Search code examples
pythongoogle-cloud-platformjupyter-notebookgoogle-cloud-storagegoogle-cloud-dataproc

How to get the list of files in the GCS Bucket using the Jupyter notebook in Dataproc?



I have recently started using GCP for my project and encountered difficulties when working with the bucket from the Jupyter notebook in the Dataproc cluster. At the moment I have a bucket with a bunch of files in it, and a Dataproc cluster with the Jupyter notebook. What I am trying to do is go over all the files in the bucket and extract the data from them to create a dataframe.

I can access one file at a time with the following code: data = spark.read.csv('gs://BUCKET_NAME/PATH/FILENAME.csv'), but there are hundreds of files, and I cannot write a line of code for each of them. Usually, I would do something like this:

import os
for filename in os.listdir(directory):
...

but this does not seem to work here. So, I was wondering, how do I iterate over files in a bucket using Jupyter notebook in the Dataproc cluster?

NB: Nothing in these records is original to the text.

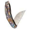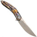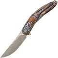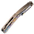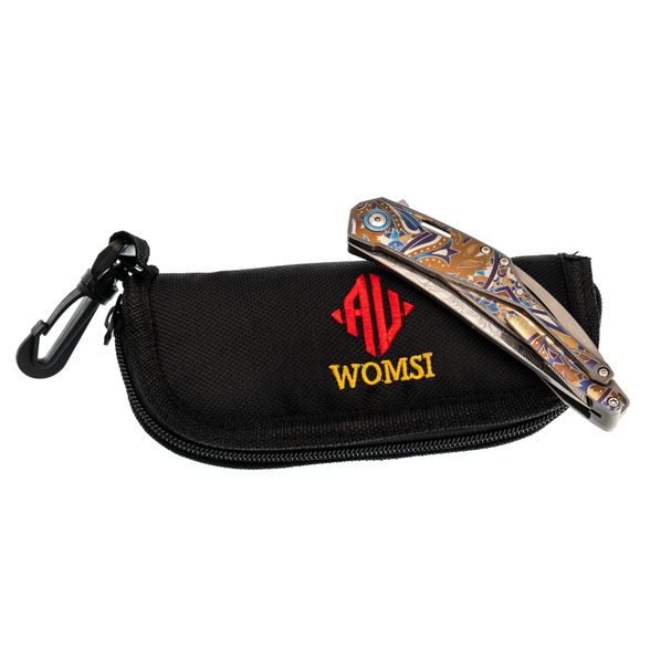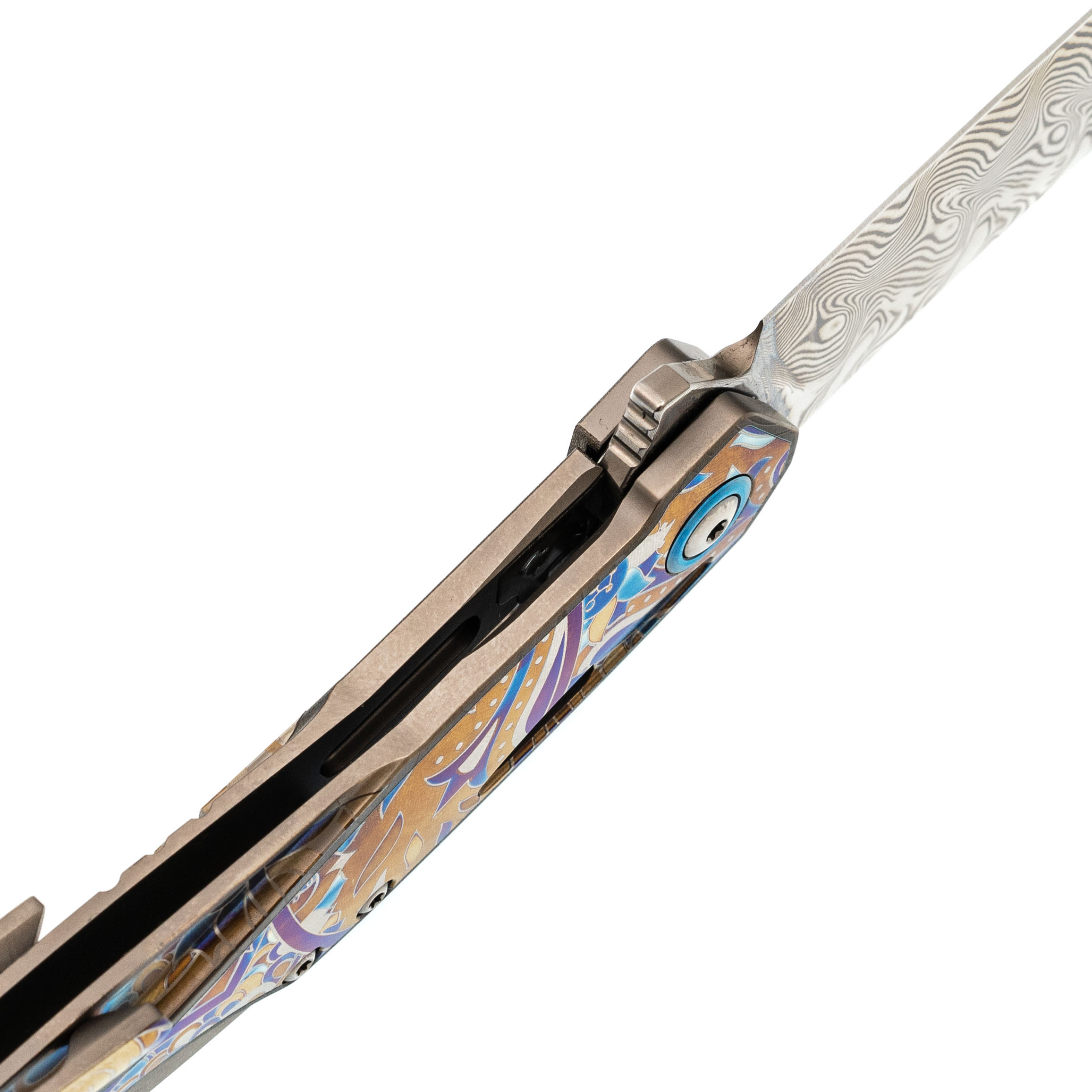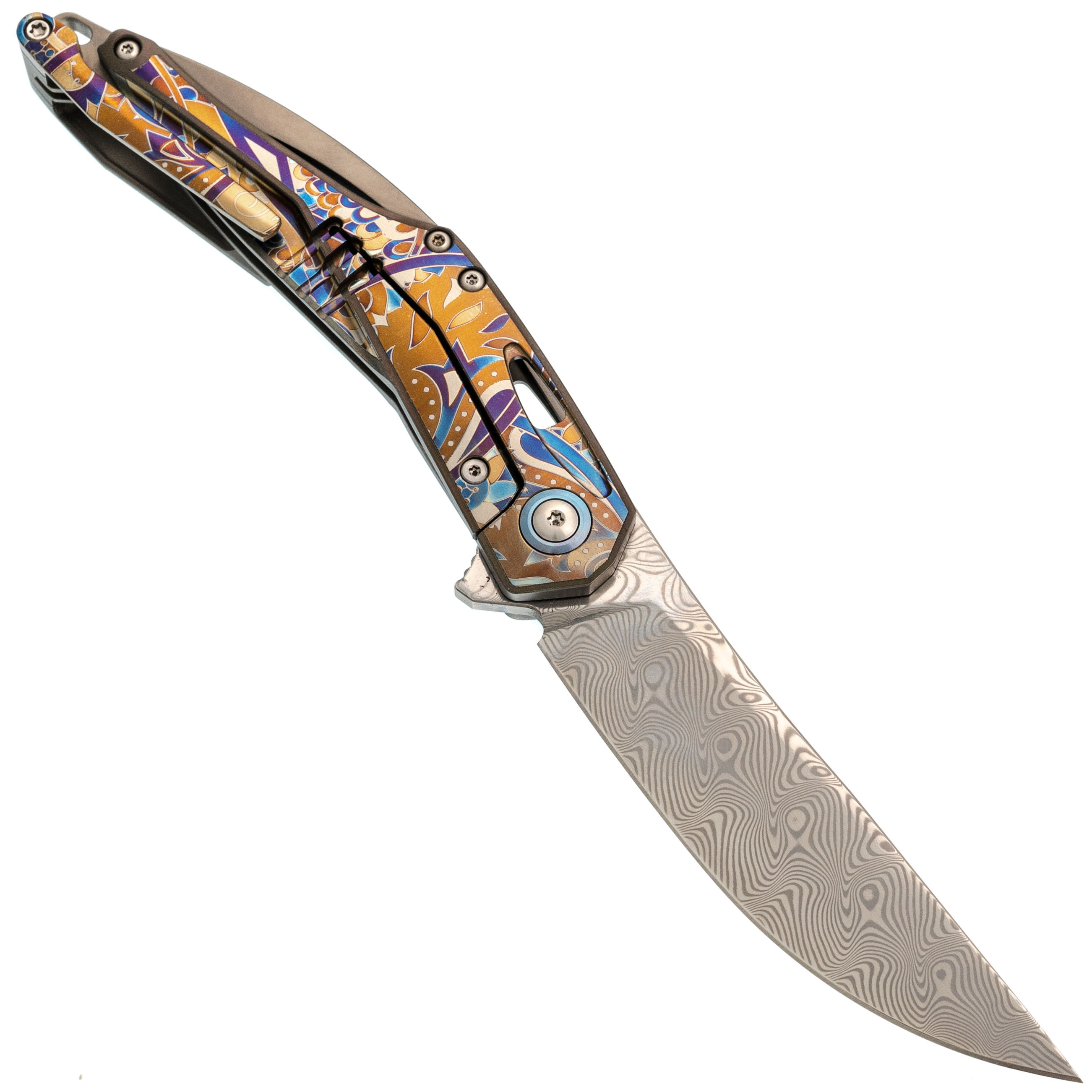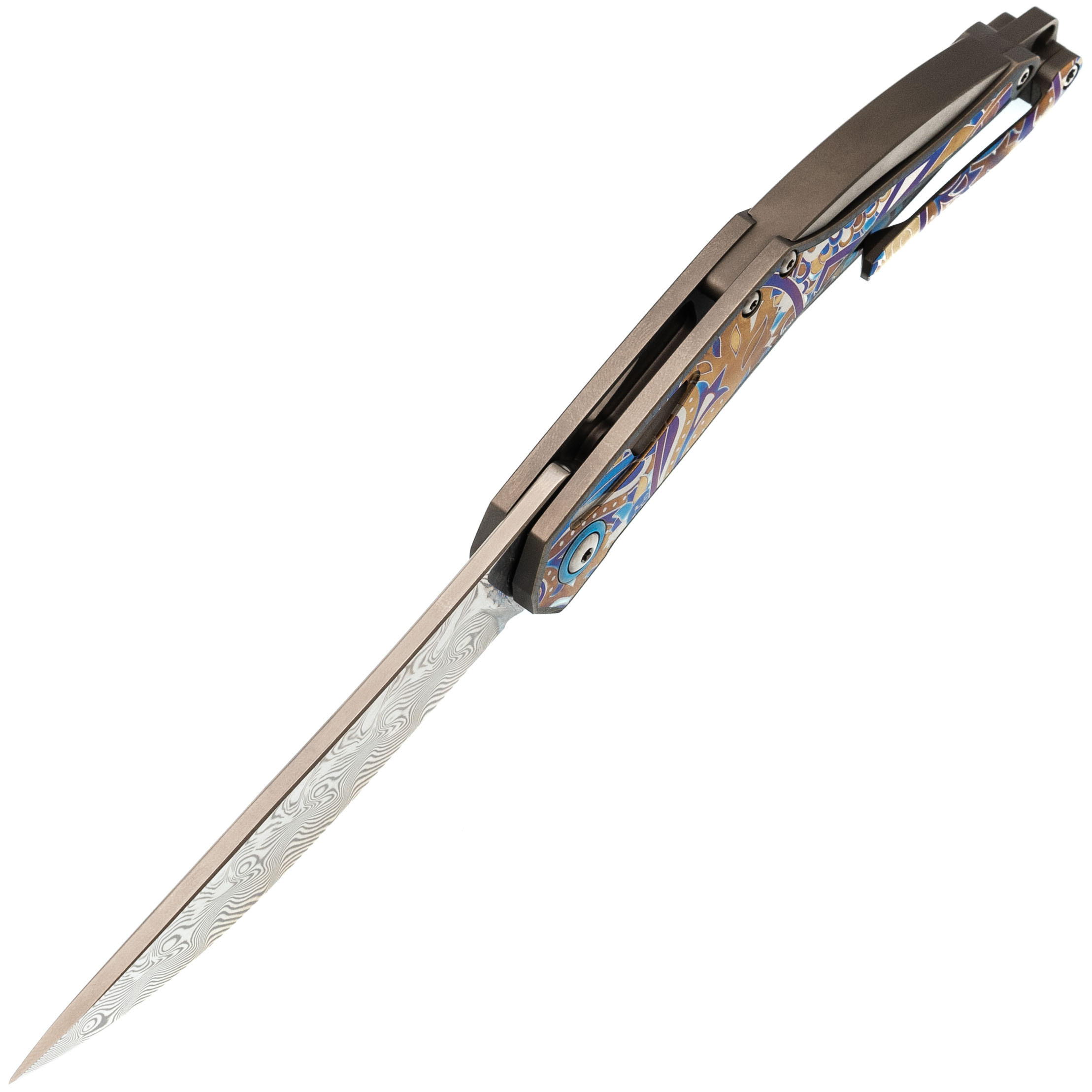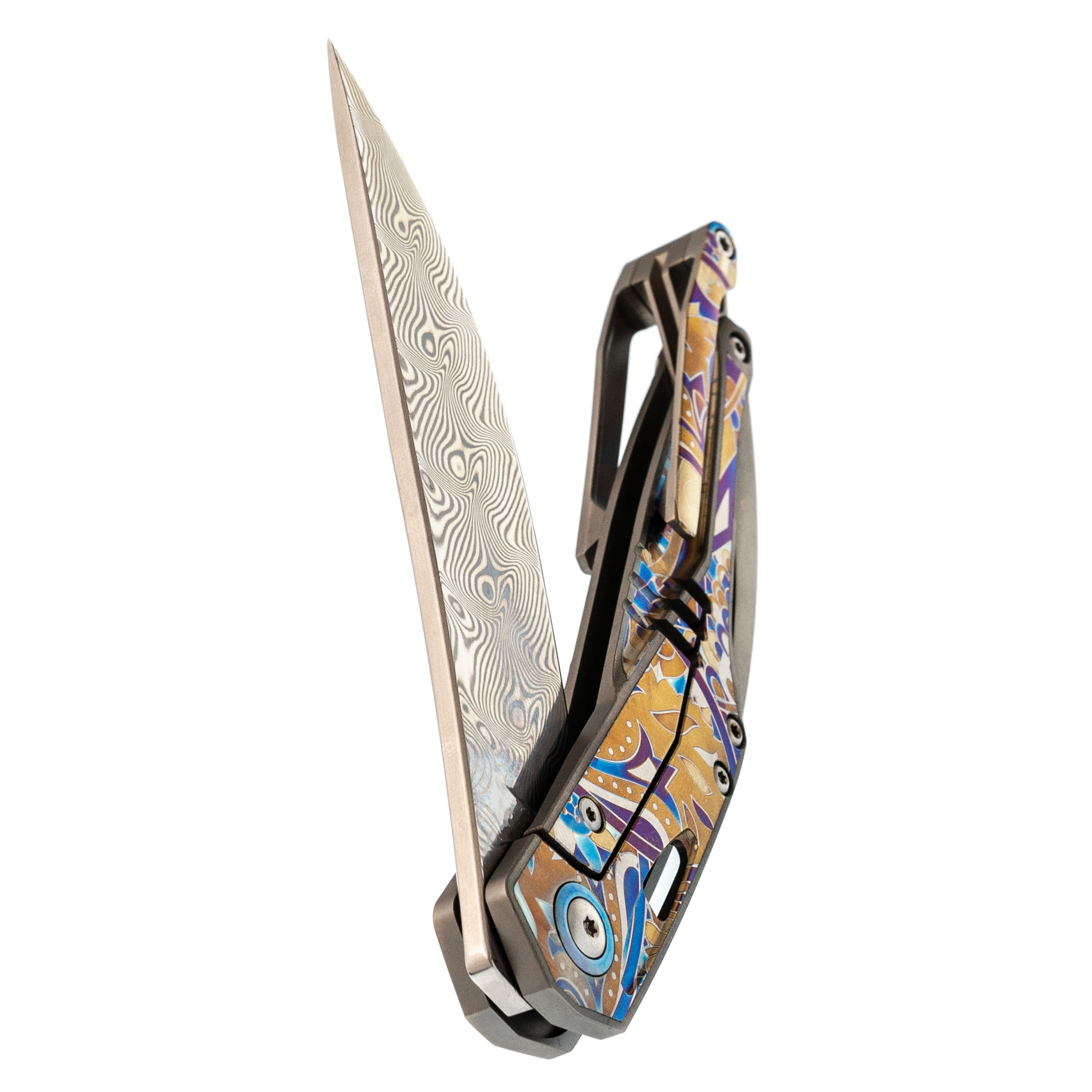 Изогнутая титановая рукоять удобно ложится в ладонь и не скользит. Облегчения и фрезеровка снижают вес, сохраняя прочность. Особое внимание заслуживает лазерная гравировка с узором - тонкая, многоцветная, она добавляет ножу изысканности и делает каждый экземпляр чуть особенным. Две клипсы позволяют закрепить нож так, как удобно именно вам - мелочь, которая в итоге решает многое.
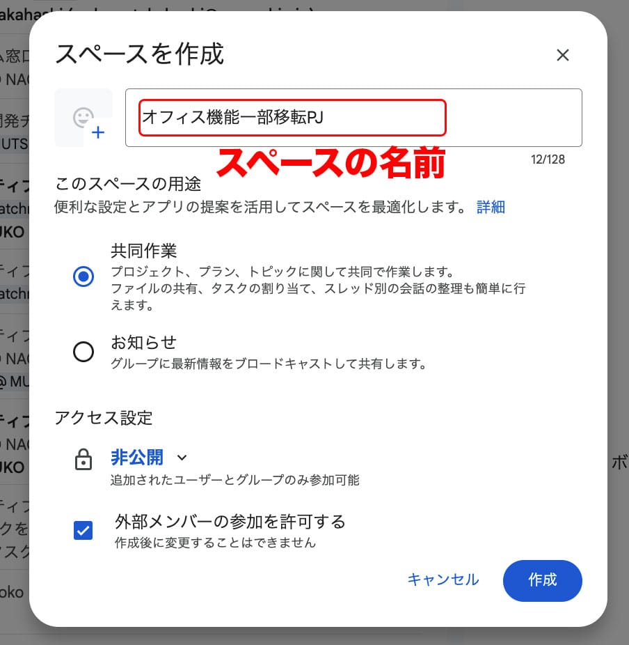 名前と説明 | メンバーの名前のリストが会話名になります。 | 作成者が自由にスペース名と説明文を設定できます。 (例:【〇〇プロジェクト】進捗共有スペース) |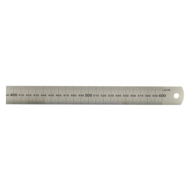 A vonalzó rozsdamentes acélból készült. A fém vonalzó elején és hátulján is jól leolvasható mélynyomott fekete milliméter kiosztás található. Az acél vonalzó felső élén 1.0 milliméter, míg az alsó élén 0.5 mm-es kiosztás található. A nulla pont a vonalzó legvégén található!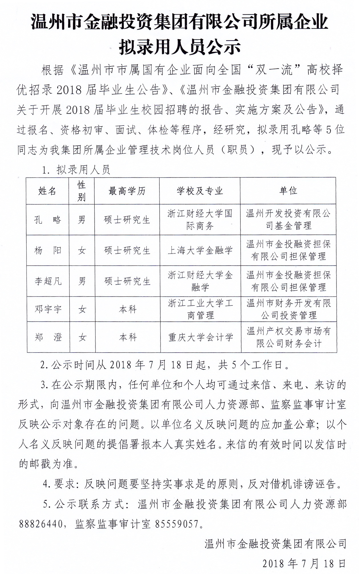 温州市金融投资集团有限公司所属企业拟录用人员公示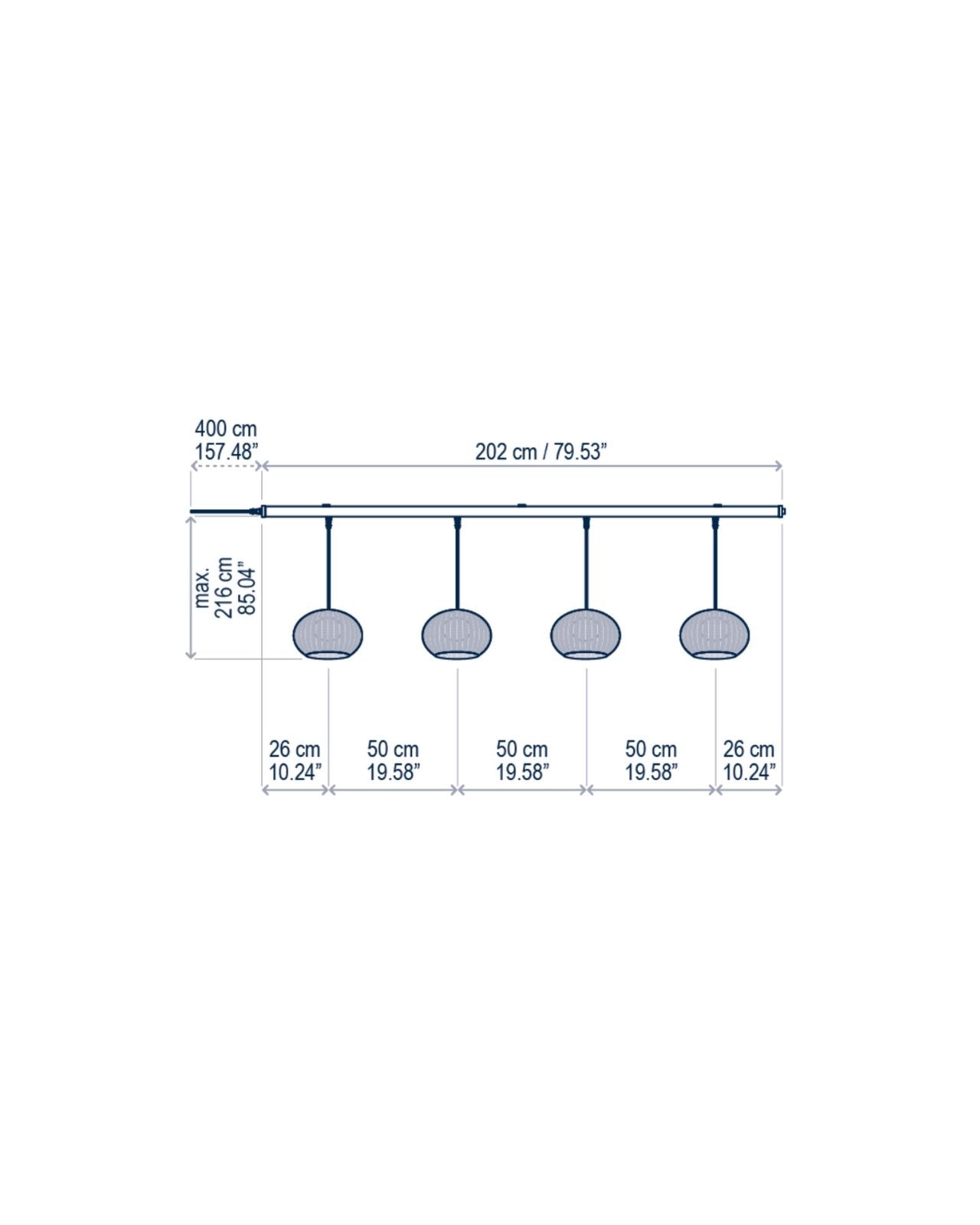 Crafted in Barcelona, the Exterior Orb Pendant Track Light brings a sculptural elegance to outdoor environments. Designed to suspend from an exterior-rated track system, the orb-shaped pendants can be positioned or reconfigured along the rail, allowing tailored illumination across terraces, pergolas, and covered walkways. Its smooth, rounded form and meticulous craftsmanship create a soft yet architectural presence, complementing both modern and timeless exterior schemes.

Would appreciate any help!


Solution

  • You can list the elements in your bucket with the following commands:

    from google.cloud import storage
    client = storage.Client()
    BUCKET_NAME = 'your_bucket_name'
    bucket = client.get_bucket(BUCKET_NAME)
    elements = bucket.list_blobs()
    files=[a.name for a in elements]
    

    If there are no folders in your bucket, the list called files will contain the names of the files.